"Well, if I can't smack my lips, there's always the alternative of smacking him."

Mr. Ronald laughed. "Not allowed," he announced regretfully. "My sister won't have it. Radcliffe is to be guided 'by love alone.'"

"Whose love, please? His or mine?"

Again Mr. Ronald laughed. "Now you've got me!" he admitted. "Perhaps a little of both. Do you think you could supply your share? I have no doubt of your being able to secure his."

"I like children. We've always managed to hit it off pretty well, the kiddies and I, but, of course, I can't guarantee anything definite in connection with your little boy, because, you see, I've never been a governess before. I've only had to do with youngsters who've come a-visiting, or else the small, lower East-siders at the Settlement. But I'll promise to do my best."

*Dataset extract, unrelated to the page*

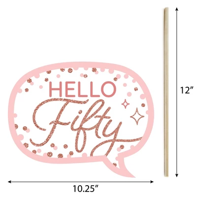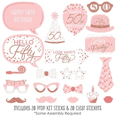 20-Piece Girl Birthday Party Photo Booth Props Kit INCLUDES 20 50th Pink Rose Gold Birthday photo booth props, 20 sticks and stickers for assembly. EASY ASSEMBLY: Simply attach the printed DIY photo booth props to the sticks with included reinforcing stickers. PERFECT FOR ANY CROWD! Photo booth props are fun party supplies for adults and kids – everyone will love these 50th Pink Rose Gold Birthday photo booth props. Take entertaining and shareable party photos of your friends and family while making memories with these fun photo booth props! PRETTY PINK AND ROSE GOLD PARTY DECORATIONS: There are many fun ways to use these cute photo booth props! Use as intended at home, school or work and take party photos to share; add them to vases and floral arrangements as a fun Girl Birthday Party centerpiece; or accent your Hello Fifty Birthday Girl candy buffet by displaying them in apothecary candy jars! HIGH-QUALITY PARTY SUPPLIES: 50th Pink Rose Gold Birthday photo booth props are professionally printed on thick cardstock paper. They will arrive cut out and ready to assemble with the included sticks and stickers. MADE IN THE USA: 50th Pink Rose Gold Birthday – Girl Birthday Party Photo Booth Props Kit is designed and manufactured at our Wisconsin facility using materials that are Made in America. 50th Pink Rose Gold Birthday photo booth props use a No-Mess Glitter Print: Our photo booth props are designed with a printed image of glitter, eliminating glitter flake while maximizing bling effect!

"'Who does the best his circumstance allows, does well, acts nobly. Angles could no more,' as I wrote in my sister's autograph-album when I was a boy," announced Mr. Ronald gravely.

Claire smiled over at him with appreciation. "I'd love to come and try," she said heartily.

She did not realize she had lost all sensation of alarm, had forgotten her altered position, that she was no longer one whom these people would regard as their social equal. She was talking as one talks to a friend.

"And if Radcliffe doesn't get on—if he doesn't improve, I should say—if you don't like me, you can always send me away, you know."

For a very long moment Mr. Ronald sat silent. So long a moment, indeed, that Claire, waiting in growing suspense for his answer, suddenly remembered all those things she had forgotten, and her earlier embarrassment returned with a wave of bitter self-reproach. She accused herself of having been too free. She had overstepped her privilege. It was not apparent to her that he was trying to visualize the picture she had drawn, the possibility of his not liking her and sending her away, you know, and that, to his utter consternation, he found it was something he could not in the least conceive of himself as doing. That, on the contrary, the vision of her going away for any reason, of her passing out of his life, now she had once stepped into it, left him with a chill sensation in the cardiac region that was as unexpected as it was disturbing. When he spoke at last, it was with a quick, authoritative brevity that seemed to Claire to bear out her apprehension, and prove he thought she had forgotten her place, her new place as "hired help," and must be checked lest she presume on good nature and take a tone to her employers that was not to be tolerated.